#### [Work instructions]
Emit a verbatim copy of the lines below from the line with "Karácsonyi vonat LED-es" through the line with "Brilagi - Bodové", excluding pictures and everything outside that range.

[[ Given entries, beginning ]]

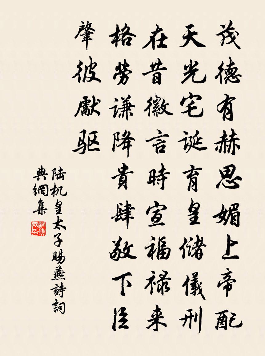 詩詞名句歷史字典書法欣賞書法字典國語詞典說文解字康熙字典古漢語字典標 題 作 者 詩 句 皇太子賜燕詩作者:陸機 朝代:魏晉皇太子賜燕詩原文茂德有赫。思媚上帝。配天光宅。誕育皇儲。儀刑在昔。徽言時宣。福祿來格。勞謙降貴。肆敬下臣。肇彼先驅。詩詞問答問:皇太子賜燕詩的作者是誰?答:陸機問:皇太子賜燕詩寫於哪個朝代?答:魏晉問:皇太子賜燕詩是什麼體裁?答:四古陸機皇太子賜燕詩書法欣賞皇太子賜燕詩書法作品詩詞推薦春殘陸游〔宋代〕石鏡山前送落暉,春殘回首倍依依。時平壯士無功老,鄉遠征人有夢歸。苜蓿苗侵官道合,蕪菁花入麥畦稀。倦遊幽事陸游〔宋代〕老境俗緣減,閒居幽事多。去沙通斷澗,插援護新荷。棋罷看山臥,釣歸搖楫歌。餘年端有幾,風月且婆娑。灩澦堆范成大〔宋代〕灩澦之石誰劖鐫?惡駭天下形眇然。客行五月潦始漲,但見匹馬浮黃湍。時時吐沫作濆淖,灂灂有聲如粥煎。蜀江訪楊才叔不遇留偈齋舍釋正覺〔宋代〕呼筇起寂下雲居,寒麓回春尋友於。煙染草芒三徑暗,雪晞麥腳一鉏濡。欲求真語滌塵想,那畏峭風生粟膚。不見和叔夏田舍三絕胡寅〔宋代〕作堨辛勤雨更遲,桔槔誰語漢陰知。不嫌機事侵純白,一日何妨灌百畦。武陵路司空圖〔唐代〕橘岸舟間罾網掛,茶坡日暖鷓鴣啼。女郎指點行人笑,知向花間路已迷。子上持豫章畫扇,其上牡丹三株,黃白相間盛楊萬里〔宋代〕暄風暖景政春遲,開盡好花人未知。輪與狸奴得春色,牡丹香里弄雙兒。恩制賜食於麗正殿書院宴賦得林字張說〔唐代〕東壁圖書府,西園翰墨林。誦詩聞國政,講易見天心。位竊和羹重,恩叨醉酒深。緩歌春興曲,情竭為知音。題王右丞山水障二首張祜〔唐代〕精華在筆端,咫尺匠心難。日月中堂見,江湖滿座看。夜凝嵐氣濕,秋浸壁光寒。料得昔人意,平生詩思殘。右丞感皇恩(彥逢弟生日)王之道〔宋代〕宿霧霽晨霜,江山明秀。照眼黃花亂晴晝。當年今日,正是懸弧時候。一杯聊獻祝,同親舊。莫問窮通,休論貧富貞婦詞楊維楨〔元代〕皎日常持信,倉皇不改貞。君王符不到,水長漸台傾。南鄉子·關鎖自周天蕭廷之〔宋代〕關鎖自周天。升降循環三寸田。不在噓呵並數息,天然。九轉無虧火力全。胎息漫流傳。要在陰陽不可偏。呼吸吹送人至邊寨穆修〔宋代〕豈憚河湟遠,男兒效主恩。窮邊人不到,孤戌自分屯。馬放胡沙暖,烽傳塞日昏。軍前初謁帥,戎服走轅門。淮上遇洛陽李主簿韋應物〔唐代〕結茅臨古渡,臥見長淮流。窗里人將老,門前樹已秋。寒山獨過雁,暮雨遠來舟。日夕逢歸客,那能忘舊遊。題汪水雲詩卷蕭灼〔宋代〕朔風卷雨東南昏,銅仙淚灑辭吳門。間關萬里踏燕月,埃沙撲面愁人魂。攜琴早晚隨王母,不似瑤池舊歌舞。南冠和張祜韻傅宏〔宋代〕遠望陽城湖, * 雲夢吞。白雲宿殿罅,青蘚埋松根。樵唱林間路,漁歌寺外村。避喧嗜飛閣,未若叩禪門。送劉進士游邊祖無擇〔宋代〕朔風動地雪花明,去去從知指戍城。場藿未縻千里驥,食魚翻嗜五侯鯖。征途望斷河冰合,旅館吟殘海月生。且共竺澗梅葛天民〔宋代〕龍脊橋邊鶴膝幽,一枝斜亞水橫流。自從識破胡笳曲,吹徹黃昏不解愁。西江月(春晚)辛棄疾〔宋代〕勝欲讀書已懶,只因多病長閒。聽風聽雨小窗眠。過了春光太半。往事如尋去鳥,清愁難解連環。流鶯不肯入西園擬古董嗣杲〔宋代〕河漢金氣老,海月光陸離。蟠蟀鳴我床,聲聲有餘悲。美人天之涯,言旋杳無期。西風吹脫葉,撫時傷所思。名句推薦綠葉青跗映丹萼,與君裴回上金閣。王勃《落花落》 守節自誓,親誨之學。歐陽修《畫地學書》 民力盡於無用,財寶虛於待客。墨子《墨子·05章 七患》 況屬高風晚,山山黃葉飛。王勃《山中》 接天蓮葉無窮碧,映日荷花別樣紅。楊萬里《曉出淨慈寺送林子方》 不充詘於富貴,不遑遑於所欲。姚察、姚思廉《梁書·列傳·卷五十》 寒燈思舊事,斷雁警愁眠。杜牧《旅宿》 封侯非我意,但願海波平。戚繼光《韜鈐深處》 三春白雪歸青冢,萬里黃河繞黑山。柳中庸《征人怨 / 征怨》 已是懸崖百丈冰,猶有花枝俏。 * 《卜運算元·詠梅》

[[ Given entries, end ]]
[[ Given entries, beginning ]]

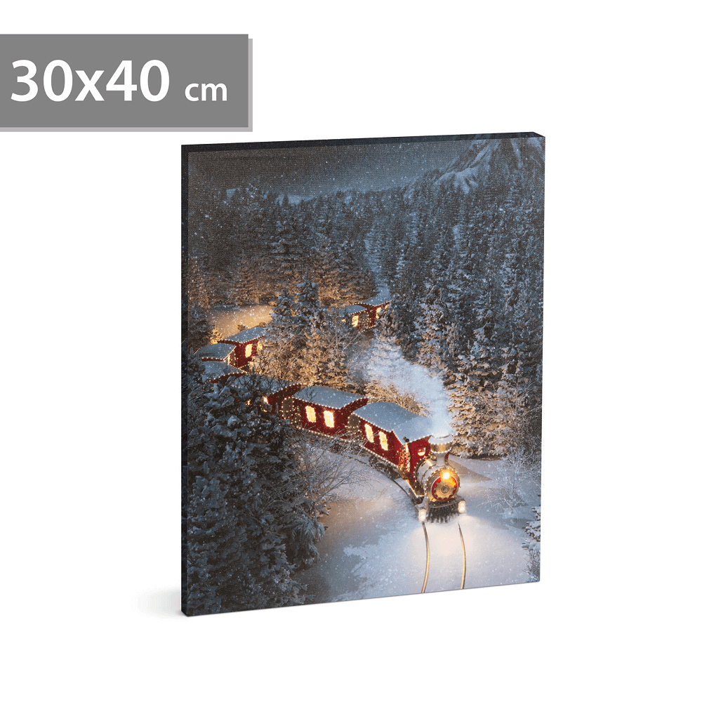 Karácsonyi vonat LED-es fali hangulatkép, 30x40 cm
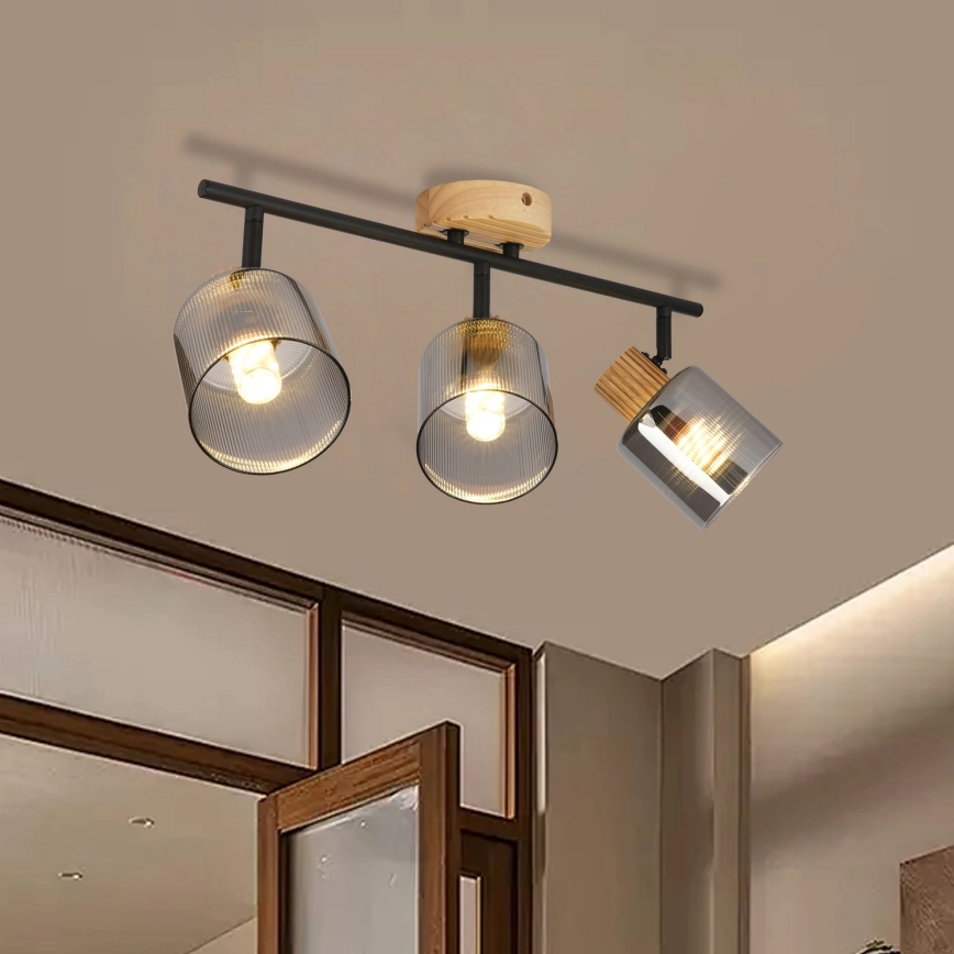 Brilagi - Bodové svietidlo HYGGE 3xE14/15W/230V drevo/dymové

[[ Given entries, end ]]
[[ Given entries, beginning ]]

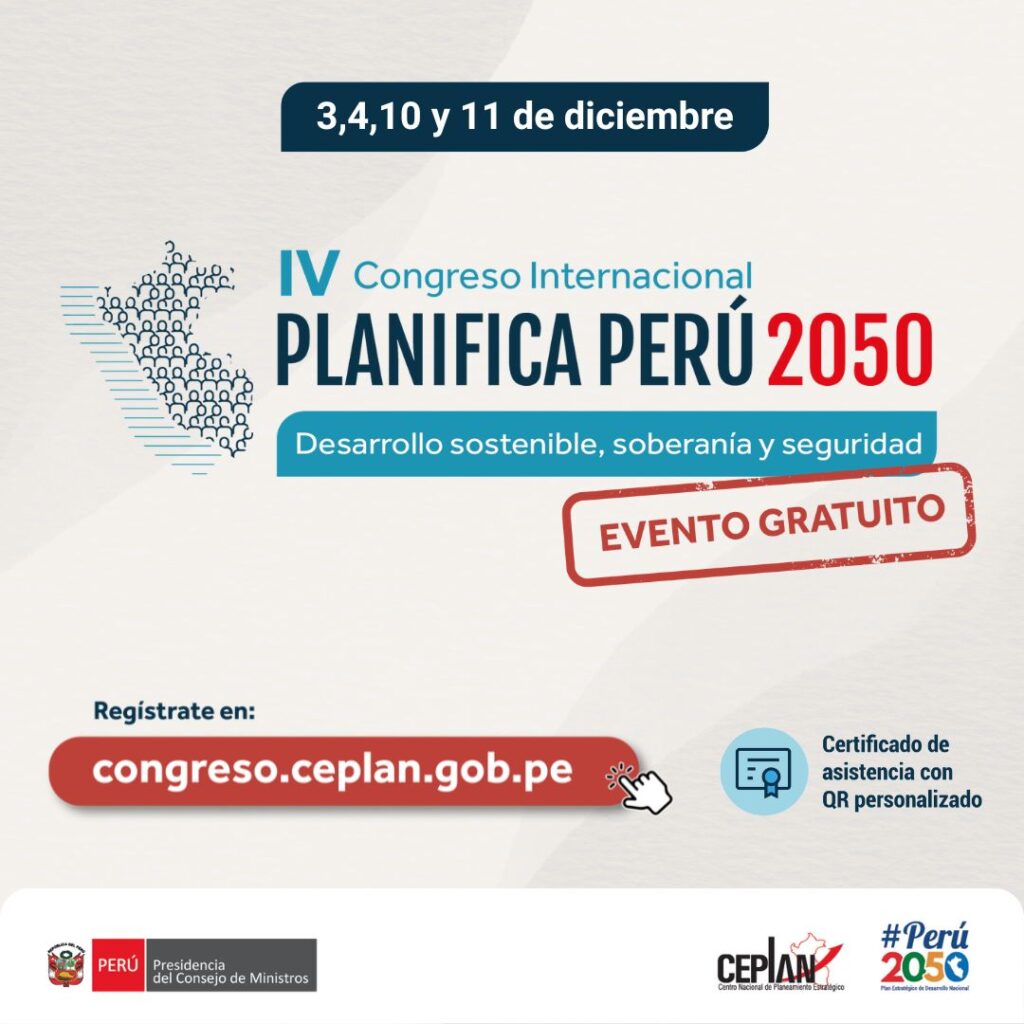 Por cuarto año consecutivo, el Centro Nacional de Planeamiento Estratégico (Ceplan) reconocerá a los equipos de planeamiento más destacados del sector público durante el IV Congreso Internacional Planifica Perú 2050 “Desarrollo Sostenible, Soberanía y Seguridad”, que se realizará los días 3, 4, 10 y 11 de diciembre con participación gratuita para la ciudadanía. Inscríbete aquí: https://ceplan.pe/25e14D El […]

[[ Given entries, end ]]

#### [Output of the task]
 Karácsonyi vonat LED-es fali hangulatkép, 30x40 cm
 Brilagi - Bodové svietidlo HYGGE 3xE14/15W/230V drevo/dymové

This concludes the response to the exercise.